I heard this on our news here in NZ and thought I'd post the news article, as none of our Aussie members have as yet.
Thoughts and  prayers go out to his family and friends at this sad time!

Story as attached.
http://www.theaustralian.com.au/new...ed-canyon-rescue/story-e6frg6nf-1226230306802


----------



## mycrofft (Dec 27, 2011)

*"Botched" is a little harsh?*

Sorry to read about that.


----------



## enjoynz (Dec 27, 2011)

mycrofft said:


> Sorry to read about that.



That's Australian reporters for you...they see things pretty 'cut and dry' most of the time and report as such.


----------



## Squad51 (Dec 27, 2011)

Sad story.  Thoughts and prayers go out to the family and friends.


----------



## Martyn (Dec 28, 2011)

> According to police, the winch cable to Mr Wilson was somehow compromised, forcing the rescue crew in the helicopter to cut the line to the 41-year-old father of three.


 
Huh?


----------



## Fish (Dec 28, 2011)

abah? Cut the cabel?


----------



## enjoynz (Dec 28, 2011)

*Black box analysed in paramedic death probe*

Here is another link with a little more info.
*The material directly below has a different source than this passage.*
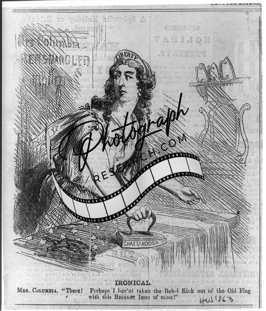 Ironical,Mrs Columbia,Rebel Kink out of the old flag,1863,Liberty,Chattanooga

http://www.abc.net.au/news/2011-12-28/black-box-analysed-in-paramedic-death-probe/3750058

It says he was injured before they cut the winch line.


----------



## PotatoMedic (Dec 28, 2011)

Just as an FYI.  In the States any external cargo, people on a line included, may be cut in an emergency.  Such as the cable is going to bring down the helicopter or any other reason the pilot and crew see fit.  I believe the warning I got was, "If the pilot wants to, he can kill you."

EDIT: After reading the second story it re-iterates what I said.  (or I re-iterate it depending on what order you read it in  ).


----------



## Cawolf86 (Dec 28, 2011)

Sad to hear  Best wishes to his family and friends.


----------



## STXmedic (Dec 28, 2011)

I'm sure it was a very painful decision for the crew to make, as well


----------